The heat and humidity has taken its toll on everyone this week, including the caddies. A couple needed medical attention earlier in the week for heat exhaustion, and after the 30th hole, Derek Mills, the friend caddying for Dambaugh, needed relief. Bad blisters were forming on his feet and the heat had worn him down.

To the rescue came Koll Farman, Dambaugh’s instructor from Crowfield Golf Course in Goose Creek.

It was cool to have him on the bag, said Dambaugh. He lives right beside me back home. He’s one of my instructors.

Dambaugh still had a great time with Mills. The two were singing between shots all week to stay loose. When Dambaugh reached the par-5 fifth hole in the morning in two with a 5-wood from 197 yards, Mills began humming an Usher song.

But Dambaugh said they never sang anything from her idol, Justin Bieber.

His songs don’t pump me up, she said.

Support Group

What started as a small gathering of immediate family and friends, turned into a newsContenting section. The farther Dambaugh advanced in the draw, the bigger the support became. The throng included at least 20 by Saturday’s final, many of whom made the four-hour drive on Friday night.

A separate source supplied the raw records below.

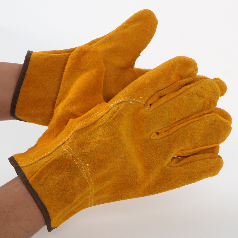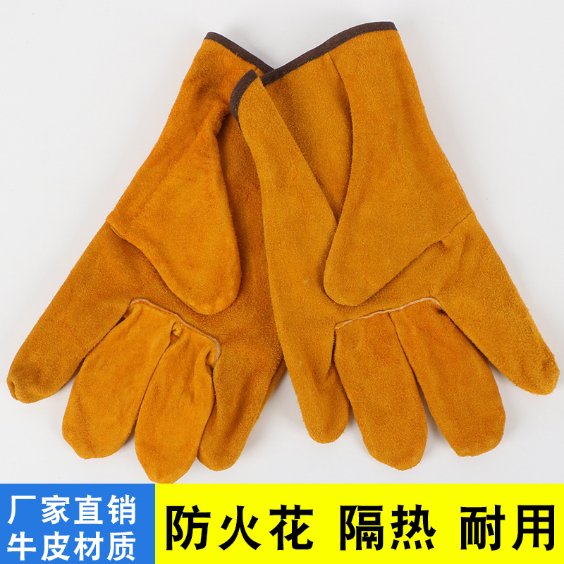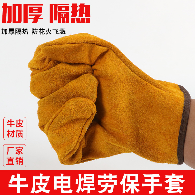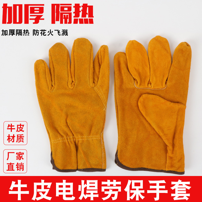 Двухслойные перчатки для электросварки из воловьей кожи, короткие износостойкие термостойкие защитные сварочные двухслойные желтые перчатки для водителя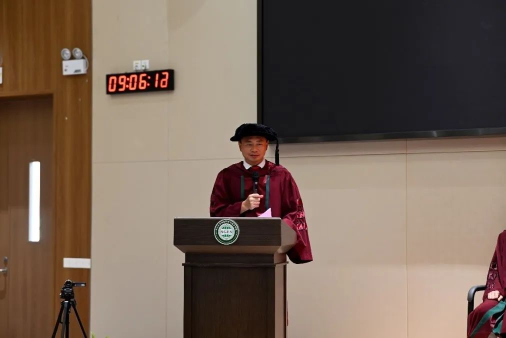 国家科技部原部长、中国科学院院士徐冠华以线上连线的方式向学院首届毕业生表示热烈祝贺,对老师们的辛勤付出和精心培育致以崇高敬意。他希望同学们能心怀为国家强盛而奋斗的人生信念,无愧于自己,无愧于国家。他还叮嘱同学们,狭路相逢勇者胜,无论从事哪份职业,取得成绩时,不要自满;遇到挫折,不要气馁。最后,徐冠华院士祝愿同学们前程似锦,笑傲江湖,用聪明才智打造属于自己的王者荣耀!
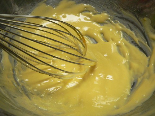 …before gradually adding grapeseed oil, a few drops at a time to begin with, and in slurps as the mixture thickened into a lush mayonnaise…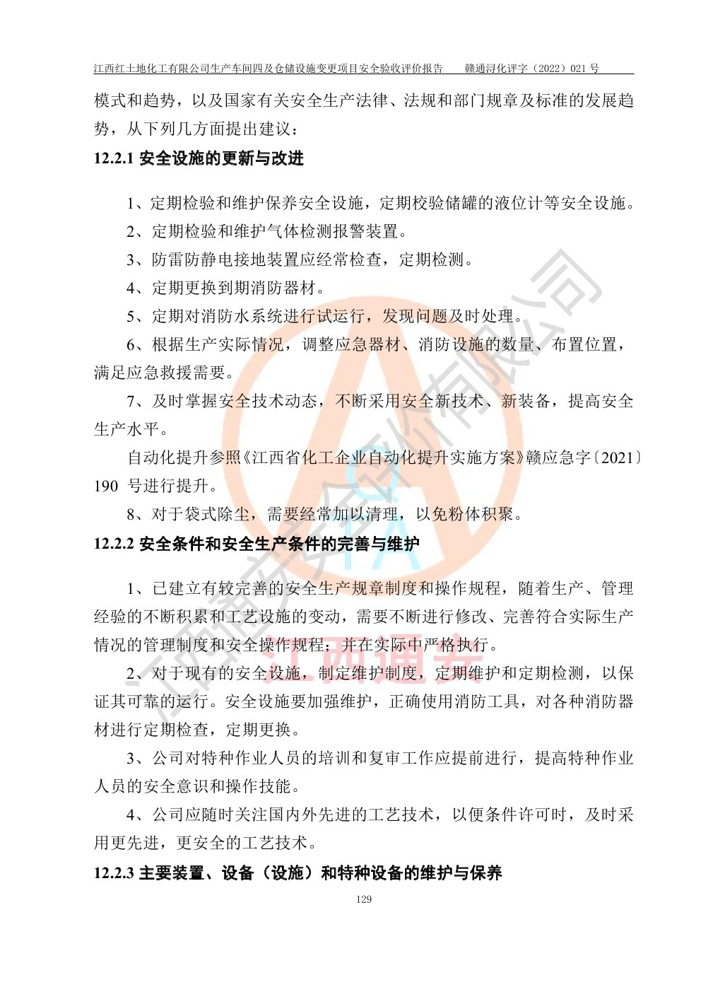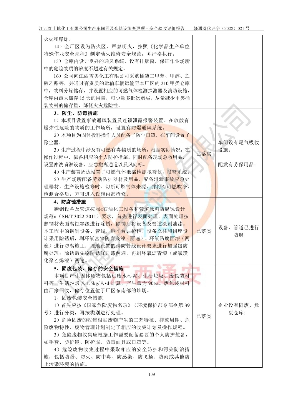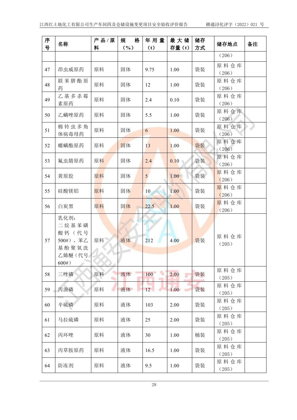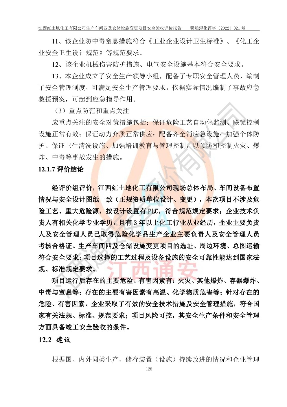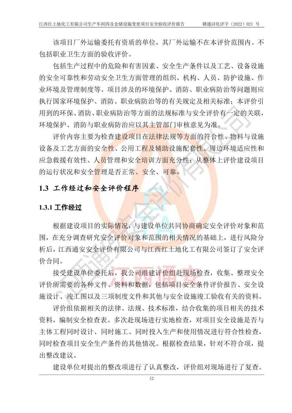 江西紅土地化工有限公司生產車間四及倉儲設施變更項目安全驗收評價報告

That group included Farman and his girlfriend.

And they were making their presence known on the course, especially when Dambaugh won a hole.

It just made me feel good, said Dambaugh, a sophomore-to-be at Pinewood Prep.

When asked if the added support put more pressure on her, she said, No, because I see these people all the time. They are like family.

Odds And Ends

Both finalists are exempt into next month’s U.S. Women’s Amateur at Charlotte Country Club, with Chen also being exempt into the 2011 Women’s Amateur at Rhode Island C.C…Dambaugh will now be exempt into the next two U.S. Girls’ Juniors to be held at Olympia Fields (Ill.) Country Club and Lake Merced Golf Club in Daly City, Calif… Being a public-course player, Dambaugh will also be exempt into the 2011 U.S. Women’s Amateur Public Links Championship set for Bandon Dunes Resort in Bandon, Ore…USGA president Jim Hyler from Raleigh, N.C., served as a walking Rules official for the final…Chen became the third player with Chinese Taipei ties to win a USGA title, joining Candie Kung (2001 WAPL) and Yani Tseng (2004 WAPL). Kung was also a runner-up to Beth Bauer at the 1997 U.S. Girls’ Junior…Chen planned to return home to Chinese Taipei before returning to the U.S. for the Women’s Amateur Aug. 9-15…Dambaugh also said she planned to play the Women’s Amateur. She was scheduled to be in Charlotte for a Justin Bieber concert on Aug. 8…Dambaugh lost a spike on her golf shoe at the first hole when she accidentally hit her putter against the sole after missing a short birdie putt…Dambaugh was bidding to become the first female left-handed USGA champion. She now joins the late Toni Wiesner as a runner-up. Wiesner was a three-time runner-up at the USGA Senior Women’s Amateur…Five left-handed males have won USGA titles.